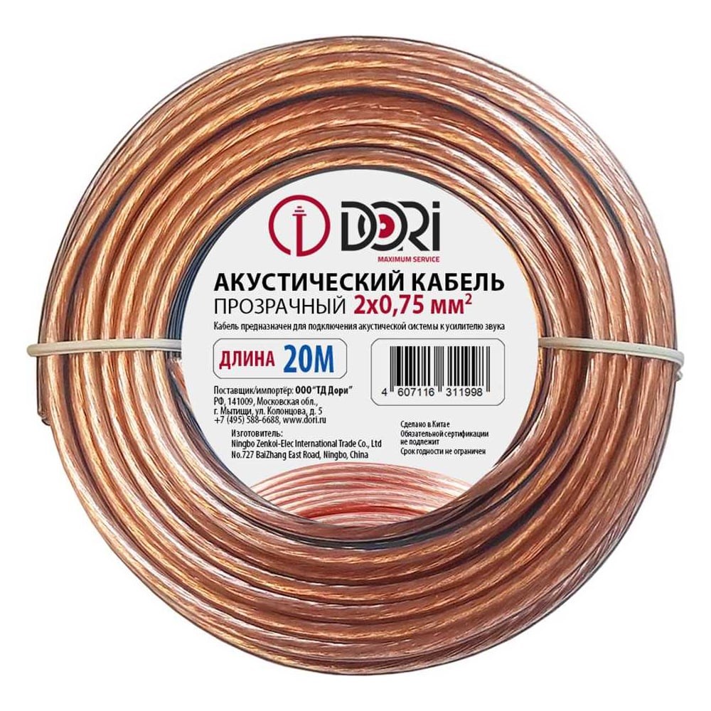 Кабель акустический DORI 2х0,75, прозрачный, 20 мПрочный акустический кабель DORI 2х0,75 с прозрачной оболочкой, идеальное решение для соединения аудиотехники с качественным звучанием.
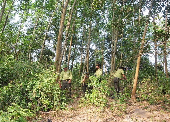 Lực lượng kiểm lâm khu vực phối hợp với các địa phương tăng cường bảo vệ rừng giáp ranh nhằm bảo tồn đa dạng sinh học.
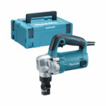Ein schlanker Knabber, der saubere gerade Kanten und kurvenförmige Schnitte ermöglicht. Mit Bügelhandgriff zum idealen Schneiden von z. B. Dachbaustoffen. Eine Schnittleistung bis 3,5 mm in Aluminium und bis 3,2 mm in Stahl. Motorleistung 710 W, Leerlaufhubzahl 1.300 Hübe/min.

---

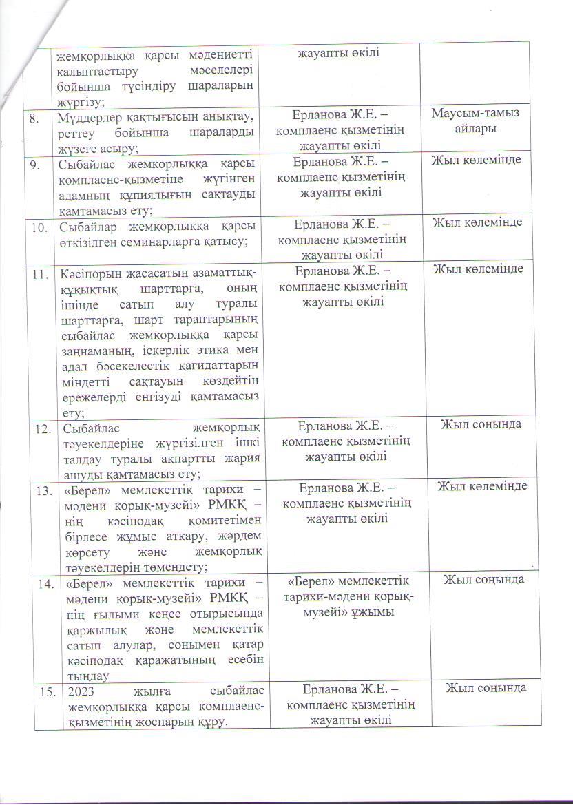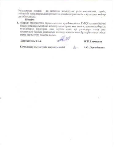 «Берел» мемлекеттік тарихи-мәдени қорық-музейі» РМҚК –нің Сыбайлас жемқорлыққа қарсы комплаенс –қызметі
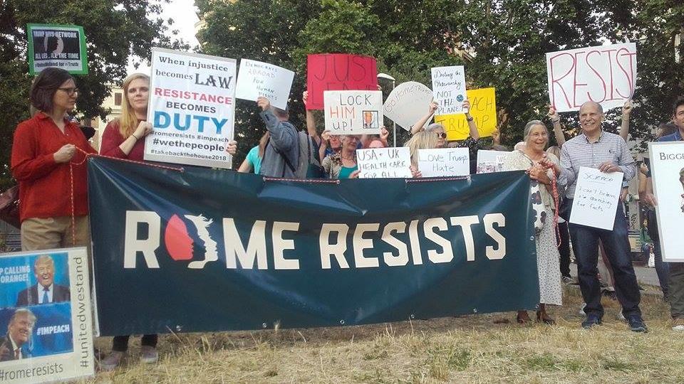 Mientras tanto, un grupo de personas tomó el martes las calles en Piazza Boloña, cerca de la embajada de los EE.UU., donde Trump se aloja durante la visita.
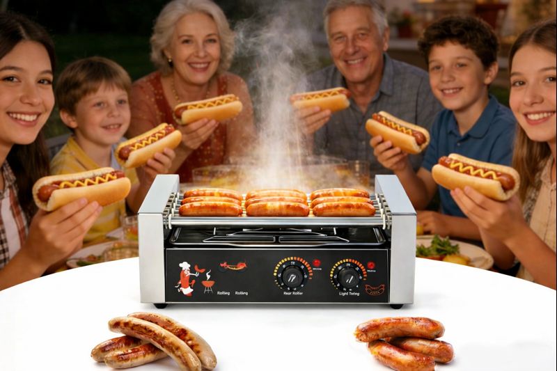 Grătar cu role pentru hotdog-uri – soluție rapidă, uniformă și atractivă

## TASK:
Everything above from the line containing "Mientras tanto, un" down to the line containing "Grătar cu role" is to be duplicated exactly, both lines included, and the pictures are to be omitted.

## SOLUTION FOR THIS EXERCISE:
 Mientras tanto, un grupo de personas tomó el martes las calles en Piazza Boloña, cerca de la embajada de los EE.UU., donde Trump se aloja durante la visita.
 Grătar cu role pentru hotdog-uri – soluție rapidă, uniformă și atractivă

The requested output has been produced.